An alkali-soluble resin having a repeating unit derived from methacrylic acid (MAA unit), a repeating unit derived from methyl methacrylate (MMA unit), a repeating unit derived from butyl acrylate (BA unit), and a repeating unit derived from styrene (ST unit) was prepared. The weight average molecular weight (Mw) of the alkali-soluble resin was 20000 and the acid value was 100mgKOH/g. The mass ratio of each repeating unit in the alkali-soluble resin is "MAA unit: MMA unit: BA unit: ST unit=40:15:30:15". 100 parts by mass of the alkali-soluble resin was mixed with an aqueous potassium hydroxide solution containing 10.5 parts by mass of potassium hydroxide. Thus, the alkali-soluble resin was neutralized with an equal amount (strictly 105%) of KOH. Thus, a second resin solution containing a second resin and water was obtained.

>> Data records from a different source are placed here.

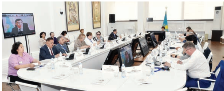
Соңы. Басы 1-бетте

Сондықтан мен білім мәселесіне ерекше мән беремін» деген сөзін тілге тиек етті.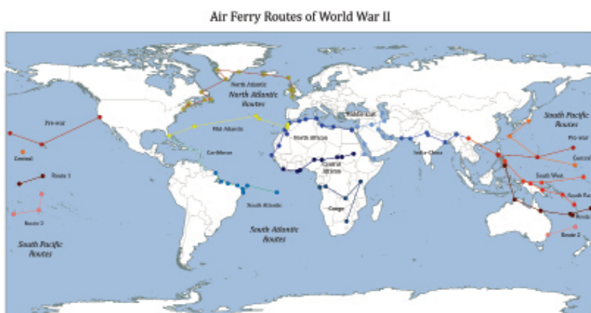
Figura 1: Rotas de transporte aéreo das Forças Armadas norte-americanas na Segunda Guerra Mundial. Destacamos a localização de Belém na South Atlantic Wing.

Traçados esses contornos gerais do contexto da espionagem aliada no Brasil durante a Segunda Guerra Mundial e identificadas as particularidades da ação do FBI, da OSS e da inteligência britânica, deslocaremos agora o foco para os Counter Intelligence Corps (Corpos de Contra-inteligência) do Exército norte-americano, aos quais estavam vinculados os agentes cuja atuação em Belém será examinada nas próximas sessões. Os agentes do CIC, recrutados geralmente entre militares com experiência legal, investigativa e domínio de línguas estrangeiras, desempenharam várias tarefas relevantes na Segunda Guerra Mundial. 19 Uma dessas tarefas, relacionada aos Transportation Corps (Corpos de Transporte), envolvia a avaliação dos riscos à segurança dos portos e aeroportos controlados pelo Exército norte-americano em várias partes do mundo, pelos quais passaram sete milhões de militares e 127 milhões de toneladas de carga, e nos quais trabalhavam 171.000 pessoas.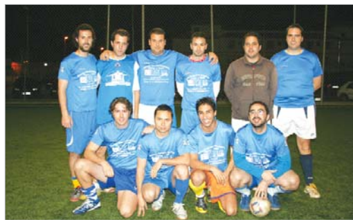
El Polunga está cuajando una gran campaña en su debut en Primera.

En Tercera, Los Ozanapios han tomado ventaja respecto a sus perseguidores y les bastará mantener las rentas obtenidas para lograr un ascenso que ya rozaron la pasada campaña.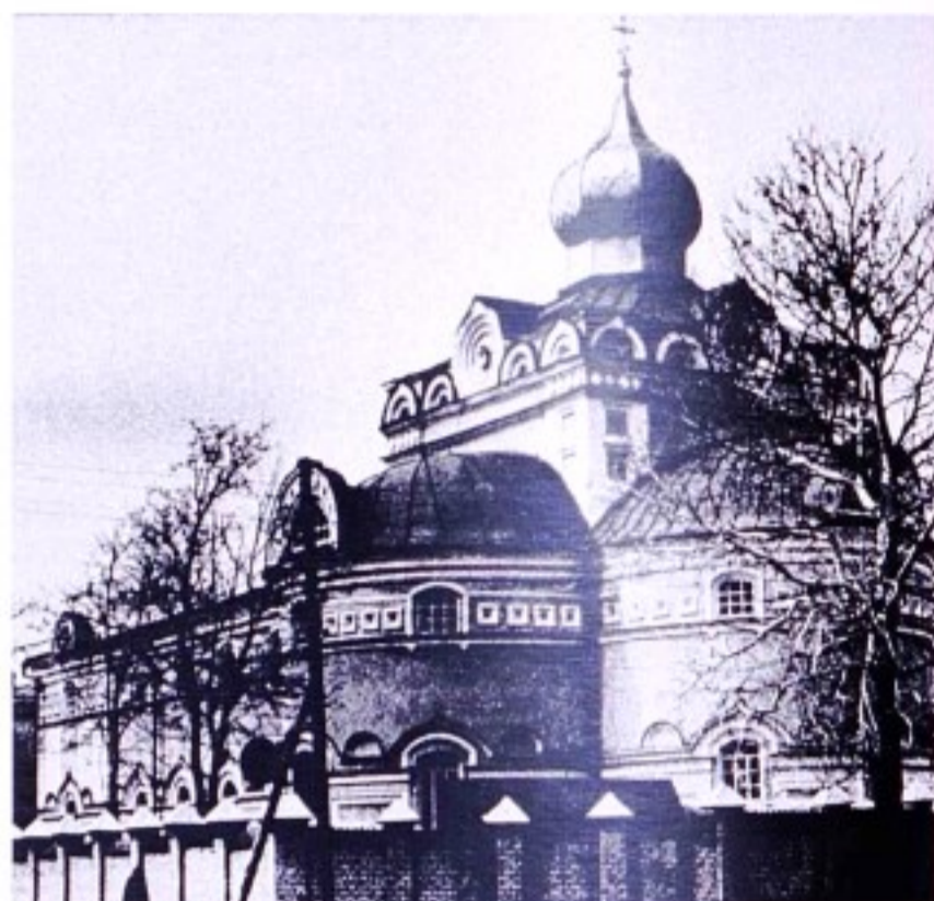
Троицкий храм г. Щигры. [1990 г.]

Алтарь и трапезная с хорами в длину по 7 арш. В церкви 16 окон, в алтаре – 7, в трапезе – 6. Дверей:

(preparation of pigment Dispersion)

As the components in Table 1 below, a pigment (LIONOL (Japanese registered trademark) blue FG-7330; copper phthalocyanine; color index: pigment blue 15:3), the above-mentioned second resin solution, OLFINE (Japanese registered trademark) E1010 (ethylene oxide adduct of acetylene glycol) manufactured by Nissan chemical industry Co., ltd.) as a surfactant, and ion-exchanged water were placed in a vessel having a capacity of 0.6L. Then, the vessel content was wet-dispersed using a medium wet-dispersing machine (DYNO (japanese registered trademark) -mils, manufactured by Willy a. Bachofen (WAB)) company.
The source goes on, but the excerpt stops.